🤖 AI Summary
This study addresses the sequential decision-making challenge in Alzheimer’s disease diagnosis, where high detection costs impose significant burdens on patients. We propose SCOPE-AD, an intelligent agent that employs the Qwen large language model as its policy backbone. By leveraging energy-based knowledge distillation to guide reinforcement learning and incorporating a mask-aware ordinal model to represent uncertainty, SCOPE-AD dynamically selects optimal diagnostic tests or actions under budget constraints without requiring unacquired values. Evaluated on the ADNI dataset, the proposed method achieves a Macro-F1 score of 77.70% at an average cost of $50.46, outperforming baselines by 9.34 percentage points and significantly surpassing full-modality approaches. These results demonstrate that SCOPE-AD enables low-cost, high-precision clinical decision support for Alzheimer’s disease diagnosis.
📝 Abstract
Alzheimer's disease (AD) diagnosis requires sequential evidence acquisition under heterogeneous test costs and patient burden.
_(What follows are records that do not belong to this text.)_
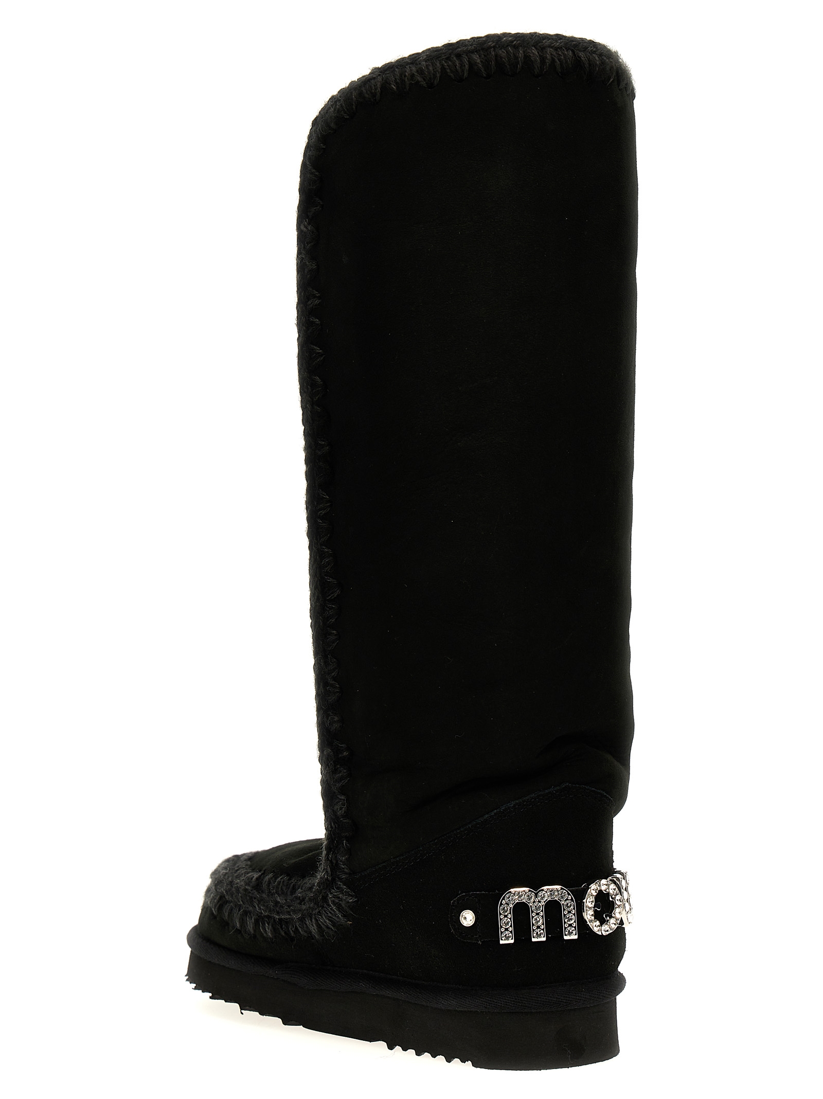Suede ‘Eskimo 40 Rhinestone Logo’ boots with visible stitching, fur lining, rubber sole, and back logo.
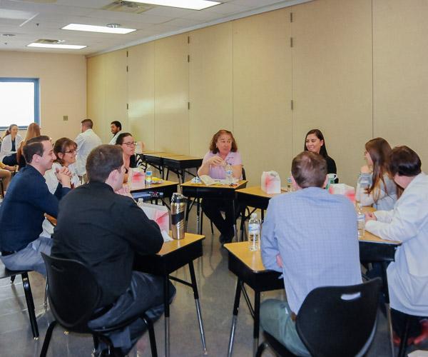 The students participated in roundtable discussions of a medical case focused on the challenges of obesity, learning from one another how each discipline contributes to a patient’s care.
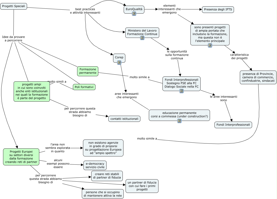 Questa Cmap, creata con IHMC CmapTools, contiene informazioni relative a: Aree Strategiche Progetti Speciali, progetti ampi in cui sono coinvolti anche enti istituzionali nei quali la formazione è parte del progetto molto simili a Poli formativi, Progetti Speciali Idee da provare a percorrere Progetti Europei su settori diversi dalla formazione creando reti di partner, Progetti Speciali best practices e attività interessanti Ministero del Lavoro Formazione Continua, Progetti Europei su settori diversi dalla formazione creando reti di partner l'area non sembra esplorata in quanto non esistono agenzie in grado di proporsi su progettazione Europea ad "ampio spettro", Formazione permanente molto simile a Fondi Interprofessionali Sostegno FSE alla FC Dialogo Sociale nella FC, Progetti Europei su settori diversi dalla formazione creando reti di partner per percorrere questa strada abbiamo bisogno di un partner di fiducia con cui fare i primi progetti, Progetti Speciali Idee da provare a percorrere Formazione permanente, Progetti Speciali best practices e attività interessanti EuroQualità, Corep aree interessanti che emergono educazione permanente corsi a commessa (under construction?), sono presenti progetti di ampia portata che includono la formazione, ma questa non è l'elemento principale caratteristica dei progetti presenza di Provincie, camera di commercio, confindustrie, sindacati, progetti ampi in cui sono coinvolti anche enti istituzionali nei quali la formazione è parte del progetto molto simile a presenza di Provincie, camera di commercio, confindustrie, sindacati, EuroQualità elementi interessanti che emergono Presenza degli IFTS, Progetti Speciali best practices e attività interessanti Corep, progetti ampi in cui sono coinvolti anche enti istituzionali nei quali la formazione è parte del progetto per percorrere questa strada abbiamo bisogno di contatti istituzionali, Ministero del Lavoro Formazione Continua le opportunità sulla formazione continua Fondi Interprofessionali Sostegno FSE alla FC Dialogo Sociale nella FC, EuroQualità elementi interessanti che emergono sono presenti progetti di ampia portata che includono la formazione, ma questa non è l'elemento principale, Fondi Interprofessionali Sostegno FSE alla FC Dialogo Sociale nella FC le aree interessanti sono Fondi Interprofessionali, Progetti Europei su settori diversi dalla formazione creando reti di partner per percorrere questa strada abbiamo bisogno di creare reti stabili di partner di fiducia, Progetti Europei su settori diversi dalla formazione creando reti di partner alcuni esempi possono essere e-democracy servizio civile, Progetti Speciali Idee da provare a percorrere Poli formativi
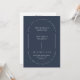 This elegant modern minimalist wedding invitation features a stylish arch layout with circular text reading "kindly join us to celebrate the wedding of" elegantly placed at the top, adding a romantic and formal touch on a navy blue background. The sophisticated serif font highlights the couple’s names with a clean and refined look. The back of the card includes space for a personal photo of the happy couple and a customizable QR code for guests to RSVP and find more details.
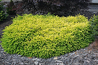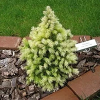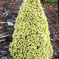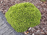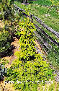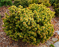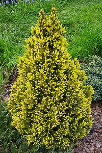 Карлик с ярко-желтой молодой хвоей. Выглядит желтым весь летний сезон. Не горит. Рост сначала шаровидный, с возрастом в естественной форме может приоретать конусовидную форму. Годовой прирост 3-4 см. В 10 лет размер около 40 см.
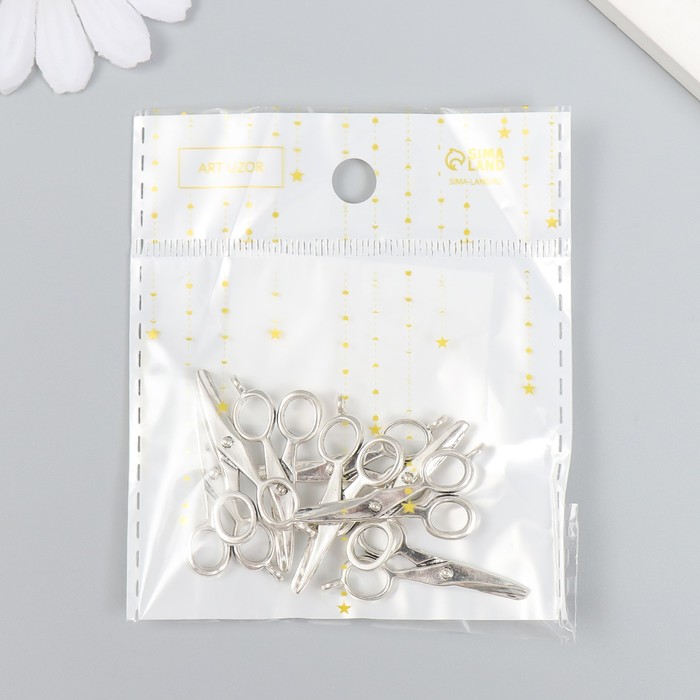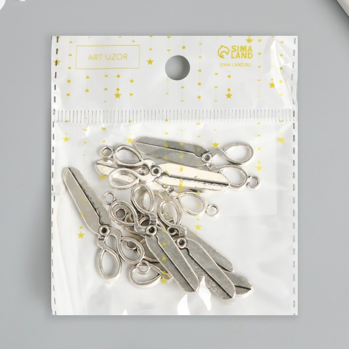 Металлический элемент, декоративная подвеска «Арт Узор. Ножницы», серебро, 3.6×1.6 см
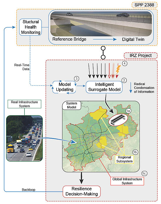 As illustrated in Fig. 2, several system levels are identified at different scales - (1a.) critical technical structures form basic system components, (1b.) regional subsystems represent spatial and functional connectivity, (1c.) all sub-models are aggregated at the global infrastructure system level. This sub-structuring approach not only facilitates the handling of the resulting computational complexity for large infrastructure systems, but also enables precise localization of critical regions and components. At the component level, (2.) an intelligent surrogate modeling procedure based on automated machine learning is developed to condense the vast amount of data available for the SPP 2388 reference bridge into a probabilistic, time- & state-continuous surrogate model. A corresponding (3.) model updating procedure fits the real-time data collected by SHM to the surrogate model to ensure accurate predictions.Uncertainties arising from (4.) conflicting, vague, or incorrect (real-time) data will be quantified and propagated through the systemic model. At the regional subsystem level, critical infrastructure components are linked and integrated into a newly developed system reliability model that enables comprehensive yet efficient numerical analyses. Further reduction of the complexity of subsystem models is achieved by clustering similar components into component types.
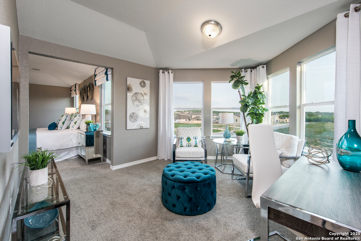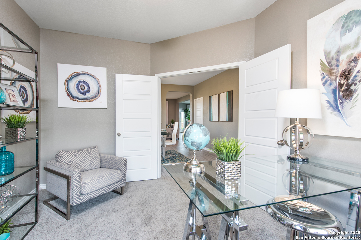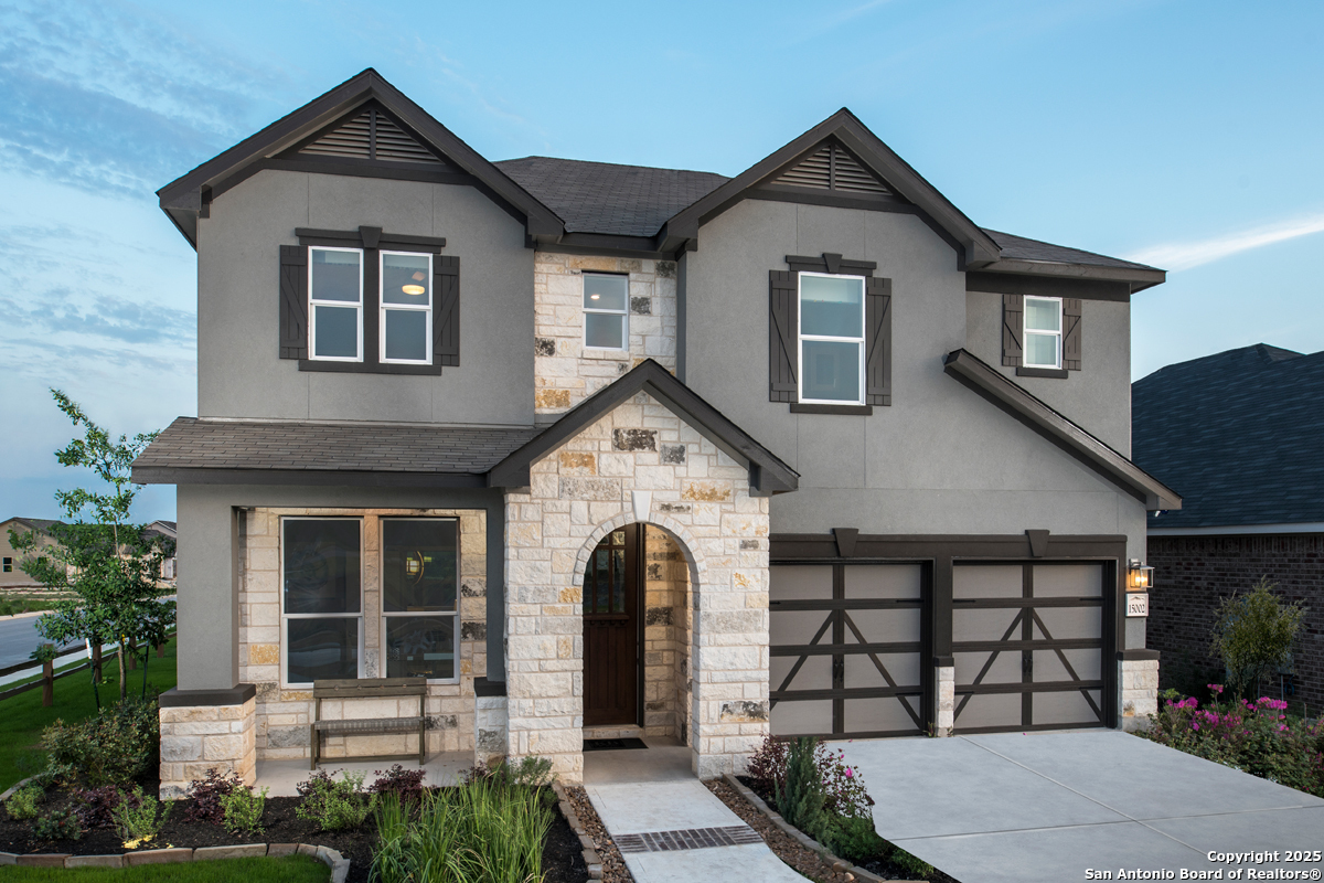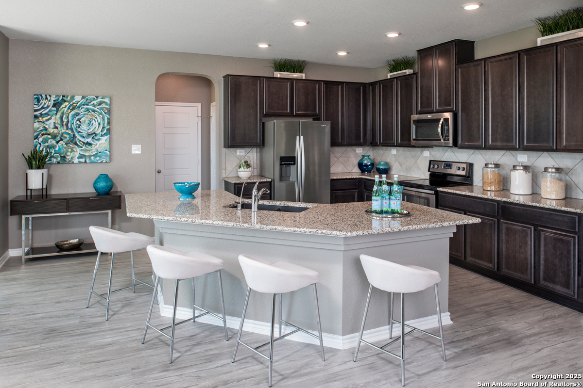 This beautiful home features 9-ft. ceilings on the first floor and a versatile study, perfect for working from home. The modern kitchen shines with Whirlpool stainless steel appliances, an Emser tile backsplash, Arctic Pearl granite countertops, a Moen faucet, and an extended breakfast bar ideal for casual dining. The primary bath offers a spa-like retreat with a raised vanity, upgraded cabinets, a 42-in. garden tub, and a separate shower accented with Emser tile. Decorative touches include stylish Kwikset Polo interior door hardware. Enjoy peace of mind with a built-in wireless security system. Outdoors, relax or entertain under the extended covered patio, with an automatic sprinkler system to keep your lawn looking its best.

Fixed-modality predictors do not jointly decide which test to acquire or when the available evidence is sufficient for diagnosis. We propose SCOPE-AD (Sequential Cost-Aware Ordinal-Belief Planning with Energy-Based Models for Diagnostic Agents) for cost-aware classification of cognitively normal (CN), mild cognitive impairment (MCI), and AD cases. A mask-aware ordinal model represents uncertainty along the ordered CN--MCI--AD continuum. Retrospective training records provide sampled Bellman targets for an energy-based teacher, whose action distributions are distilled into a Qwen policy. At deployment, the agent selects acquisition or diagnosis actions under availability and budget constraints without access to unacquired values. After each acquisition, the evidence and ordinal belief are updated before the next decision. On ADNI, SCOPE-AD achieves 77.70\% Macro-F1 at an average acquisition cost of \$50.46, exceeding the strongest evaluated baseline by 9.34 percentage points. Full-modality evaluation raises Macro-F1 by only 1.89 points while increasing acquisition cost by 116.7 times. These results support selective acquisition for cost-effective diagnosis.